I think that what both the Oculus Rift and HTC Vive have going for them is that companies with long term aspirations in VR are deep pockets are supporting them. Valve is supporting the Vive and Oculus has Facebook. Facebook in general has traditionally shown more of an interest in social connection that purely games, so its long-term goals for VR must be similar.
The good news is, even if adoption is slow, these are companies that are prepared for that and are playing the 5-year game.
How has crowdfunding and Early Access helped spread awareness of games and drive user engagement?
So, I talked about the diversity of people playing the expanding game universe, and all the ways people can play and engage, including playing but not playing.

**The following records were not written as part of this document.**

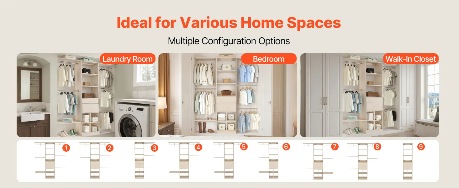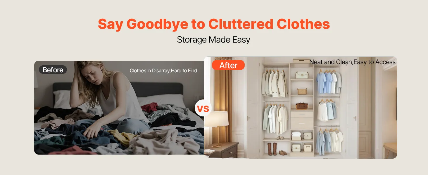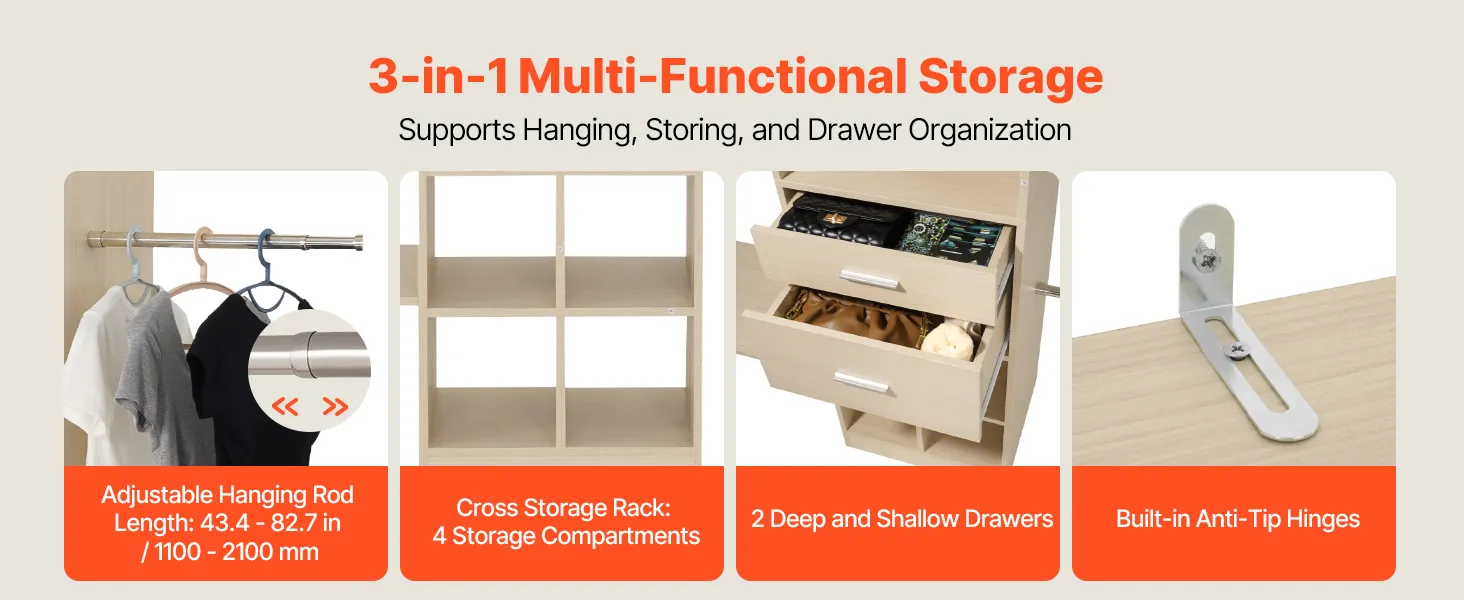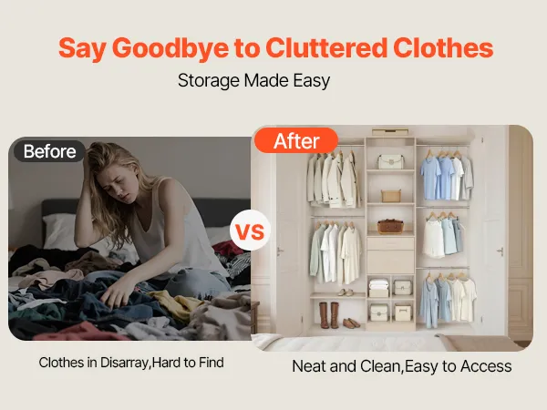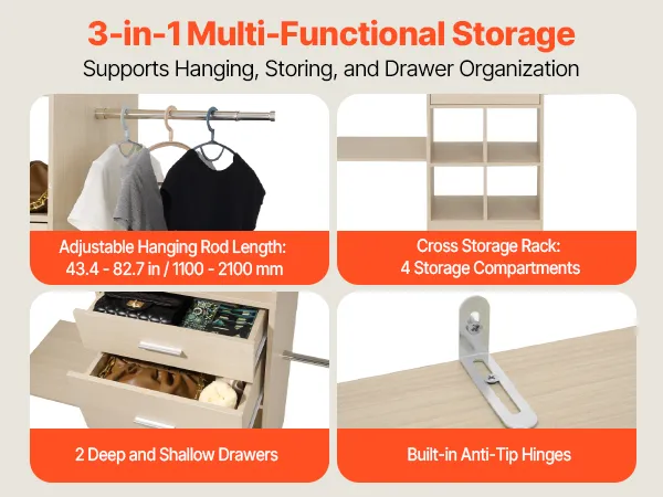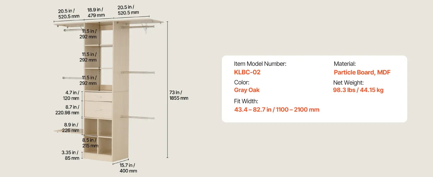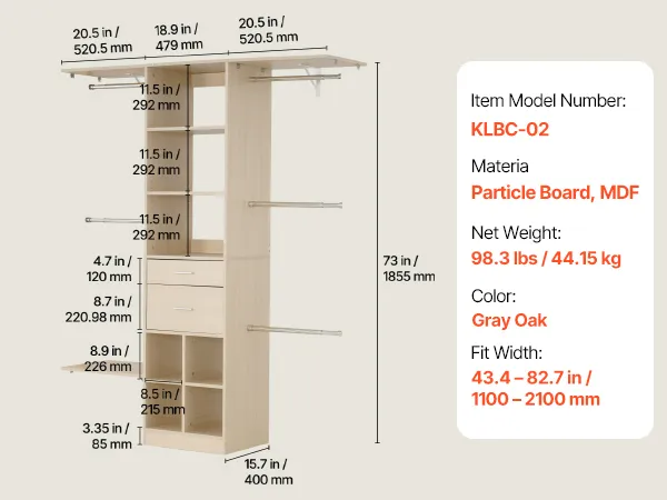 Regulowana konstrukcja: Drążek na ubrania można regulować w zakresie od 46 do 81 cm (od 18 do 32 cali), a półki oferują pięć poziomów wysokości co 32 mm (1,3 cala). W zestawie dwie szuflady zapewniające wszechstronne przechowywanie.
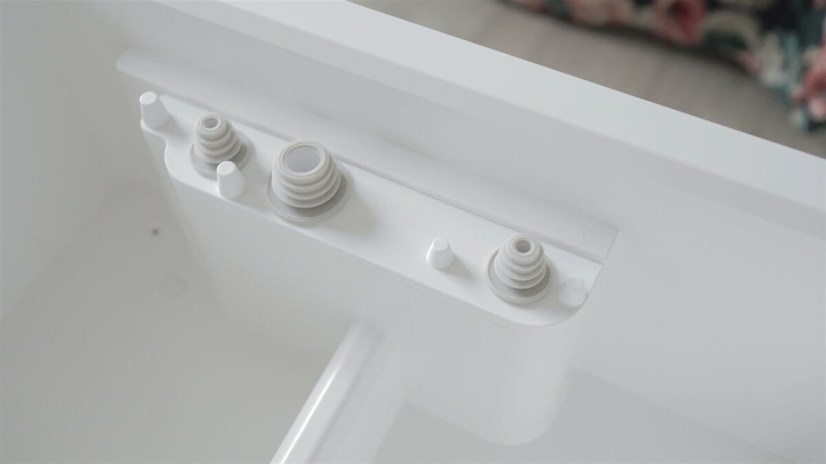 În zona unde robotul își va petrece mai tot timpul atunci când nu curăță podelele, adică cea unde „parchează”, trebuie să atașezi acel element pe care robotul urcă ușor în stație. În această zonă se pot observa multiple orificii, furtunașe și contacte metalice (pentru încărcarea acumulatorului din robot), și acelea sunt poate primele semne despre cât de complex este întreg ansamblul de curățare al Roborock Qrevo Edge 2 Pro.
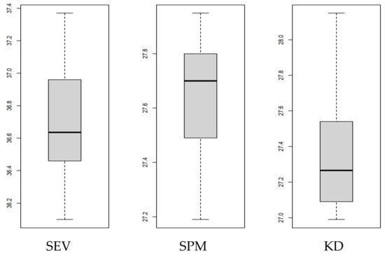 BN model validation, Boxplot that reports the average BN-model losses in terms of classification errors of assessment endpoints (i.e., shoreline evolution (SEV), suspended matter (SPM), and diffuse attenuation (KD)).
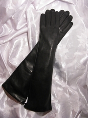 Женские кожаные перчатки на шелковой подкладке Длинные. Размеры: 6, 5 - 7 - 7, 5 Длина: 45 см. Тип подкладки: Шелковая Цвет: Черный Коллекция: Glamour Производитель: GoldOx (Румыния).
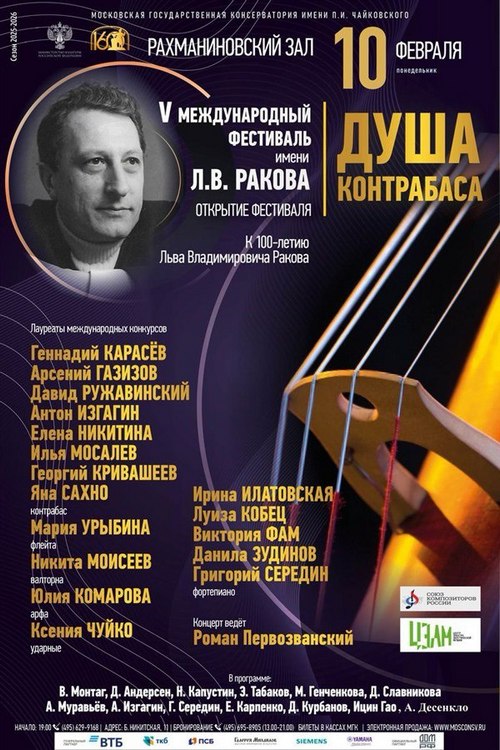 10 февраля в Рахманиновском зале Московской государственной консерватории имени П.И. Чайковского состоится торжественное открытие V Международного фестиваля имени Льва Владимировича Ракова, посвященного 100-летию со дня рождения музыканта.
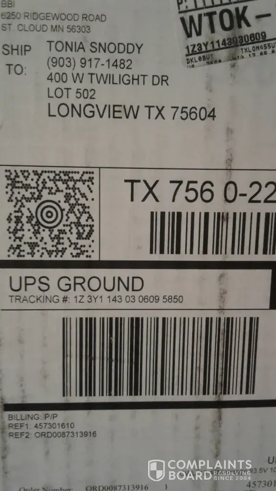Delivery address 400 W Twilight Lot 502, Longview, Texas 75604.
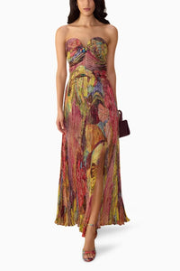 Featuring the Floroscent Daisy Claritta Dress by Saaksha & Kinni's Akara Collection A/W'25. Strapless sweetheart neckline gown with abstract floral print, intricate hand micro pleats, mirror, threadwork, and embroidered panels for a refined and artistic evening look.

But I think another trend is that you can get involved with a game over a much longer period of time, which includes pre-launch, launch, and now with games as a service you can play for a very long time.
Assuming that a product creates the perfect experience that you really want, developers can engage you with that product for an incredibly long period of time. With Kickstarter, you put money into something that you believe in, and there are a lot of genres where Kickstarter has been an amazing thing. Isometric RPGs like Baldur’s Gate had disappeared from the market, but Kickstarter was able to find these fans that appreciated this niche and helped revitalize the genre with games like Wasteland 2, Pillars of Eternity and Divinity: Original Sin.
With Early Access, you can access a game while it is in development and provide feedback. Then you move into where betas are becoming more common. Then, when the game launches, you can participate in the game continuously with microtransactions, online modes and competitive PvP.
There are some complications that arise, like games taking an extraordinarily long time to complete. With Kickstarter, you could end up with a game that doesn’t meet expectations, or reaches a funding goal but never gets made. But by and large, I think they have been a net positive for the gaming community to have more involvement.
What is the most important thing to keep in mind when looking for long-term engagement with audiences?
I think the tricky thing is not getting caught in the trap of thinking, “These things are so great that I should do all of them.”
Instead, they should ask themselves, “For the type of game that I’m making, and what the consumers want, what should I be providing?”
Does Early Access make sense for my game? Should I do a Kickstarter, or should I look for external funding? Should I do an eSport for my game? Should I build on mobile, or does it make more sense for my game to be on Steam? All of these things are levers for creating and driving engagement, but they are also opportunities strategic decisions that can be done poorly — making your game unsuccessful.